Records from a data source:
--- START ---
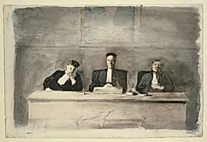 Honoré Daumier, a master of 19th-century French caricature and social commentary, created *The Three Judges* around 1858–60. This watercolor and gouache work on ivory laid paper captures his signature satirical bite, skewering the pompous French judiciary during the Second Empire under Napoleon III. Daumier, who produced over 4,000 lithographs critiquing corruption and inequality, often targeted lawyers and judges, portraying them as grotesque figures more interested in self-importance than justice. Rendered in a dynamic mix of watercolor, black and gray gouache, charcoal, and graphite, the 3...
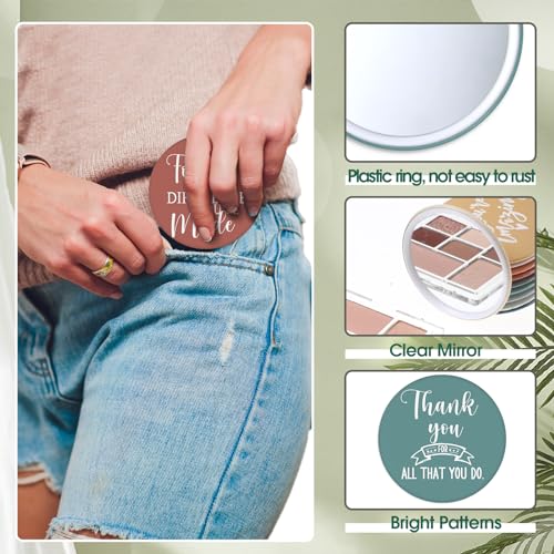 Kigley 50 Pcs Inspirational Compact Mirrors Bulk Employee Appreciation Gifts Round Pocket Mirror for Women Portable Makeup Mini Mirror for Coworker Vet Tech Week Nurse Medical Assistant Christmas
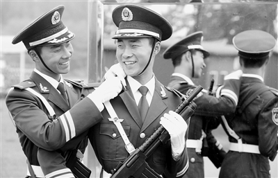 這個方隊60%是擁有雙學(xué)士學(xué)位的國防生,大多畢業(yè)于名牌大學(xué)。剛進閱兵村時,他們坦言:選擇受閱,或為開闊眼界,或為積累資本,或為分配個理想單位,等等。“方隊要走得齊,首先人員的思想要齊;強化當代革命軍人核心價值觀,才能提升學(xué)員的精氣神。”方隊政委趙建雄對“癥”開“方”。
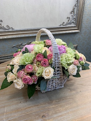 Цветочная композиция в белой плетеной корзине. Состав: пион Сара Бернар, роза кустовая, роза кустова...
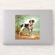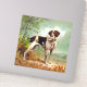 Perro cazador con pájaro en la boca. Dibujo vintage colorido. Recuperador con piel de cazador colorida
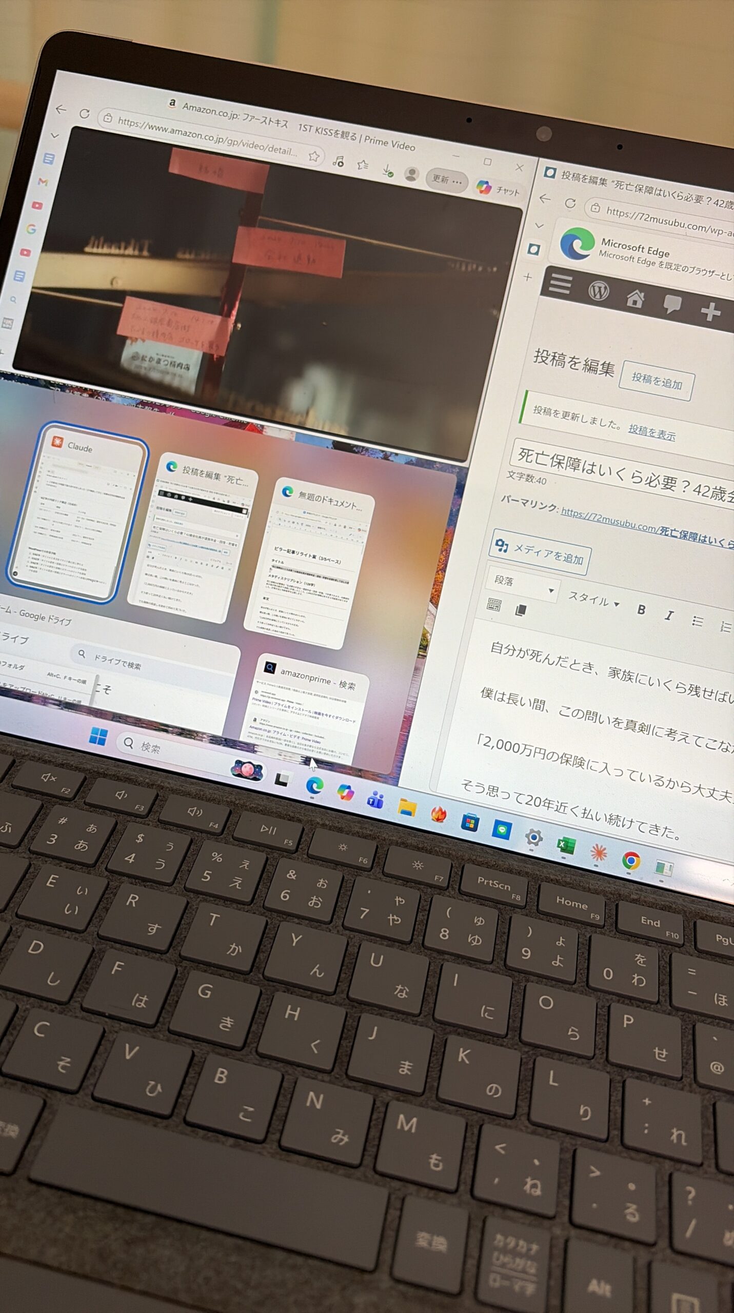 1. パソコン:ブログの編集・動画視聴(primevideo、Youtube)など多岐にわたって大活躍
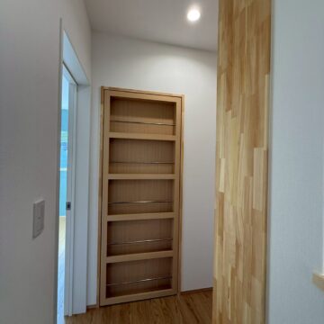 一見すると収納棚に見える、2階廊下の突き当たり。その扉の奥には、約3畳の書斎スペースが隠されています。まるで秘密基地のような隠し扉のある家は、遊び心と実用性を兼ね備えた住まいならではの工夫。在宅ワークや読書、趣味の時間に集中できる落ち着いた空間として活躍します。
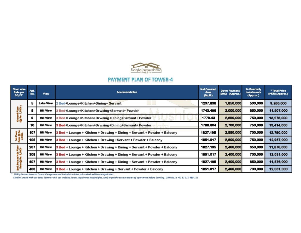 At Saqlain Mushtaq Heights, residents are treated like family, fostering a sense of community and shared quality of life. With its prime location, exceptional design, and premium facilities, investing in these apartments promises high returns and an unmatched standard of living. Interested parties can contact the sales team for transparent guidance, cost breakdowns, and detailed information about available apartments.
--- END ---
§ **WORK ORDER**:
Omit the pictures. Repeat the rest of the data exactly.

§ **TASK RESPONSE**:
 Honoré Daumier, a master of 19th-century French caricature and social commentary, created *The Three Judges* around 1858–60. This watercolor and gouache work on ivory laid paper captures his signature satirical bite, skewering the pompous French judiciary during the Second Empire under Napoleon III. Daumier, who produced over 4,000 lithographs critiquing corruption and inequality, often targeted lawyers and judges, portraying them as grotesque figures more interested in self-importance than justice. Rendered in a dynamic mix of watercolor, black and gray gouache, charcoal, and graphite, the 3...
 Kigley 50 Pcs Inspirational Compact Mirrors Bulk Employee Appreciation Gifts Round Pocket Mirror for Women Portable Makeup Mini Mirror for Coworker Vet Tech Week Nurse Medical Assistant Christmas
 這個方隊60%是擁有雙學(xué)士學(xué)位的國防生,大多畢業(yè)于名牌大學(xué)。剛進閱兵村時,他們坦言:選擇受閱,或為開闊眼界,或為積累資本,或為分配個理想單位,等等。“方隊要走得齊,首先人員的思想要齊;強化當代革命軍人核心價值觀,才能提升學(xué)員的精氣神。”方隊政委趙建雄對“癥”開“方”。
 Цветочная композиция в белой плетеной корзине. Состав: пион Сара Бернар, роза кустовая, роза кустова...
 Perro cazador con pájaro en la boca. Dibujo vintage colorido. Recuperador con piel de cazador colorida
 1. パソコン:ブログの編集・動画視聴(primevideo、Youtube)など多岐にわたって大活躍
 一見すると収納棚に見える、2階廊下の突き当たり。その扉の奥には、約3畳の書斎スペースが隠されています。まるで秘密基地のような隠し扉のある家は、遊び心と実用性を兼ね備えた住まいならではの工夫。在宅ワークや読書、趣味の時間に集中できる落ち着いた空間として活躍します。
 At Saqlain Mushtaq Heights, residents are treated like family, fostering a sense of community and shared quality of life. With its prime location, exceptional design, and premium facilities, investing in these apartments promises high returns and an unmatched standard of living. Interested parties can contact the sales team for transparent guidance, cost breakdowns, and detailed information about available apartments.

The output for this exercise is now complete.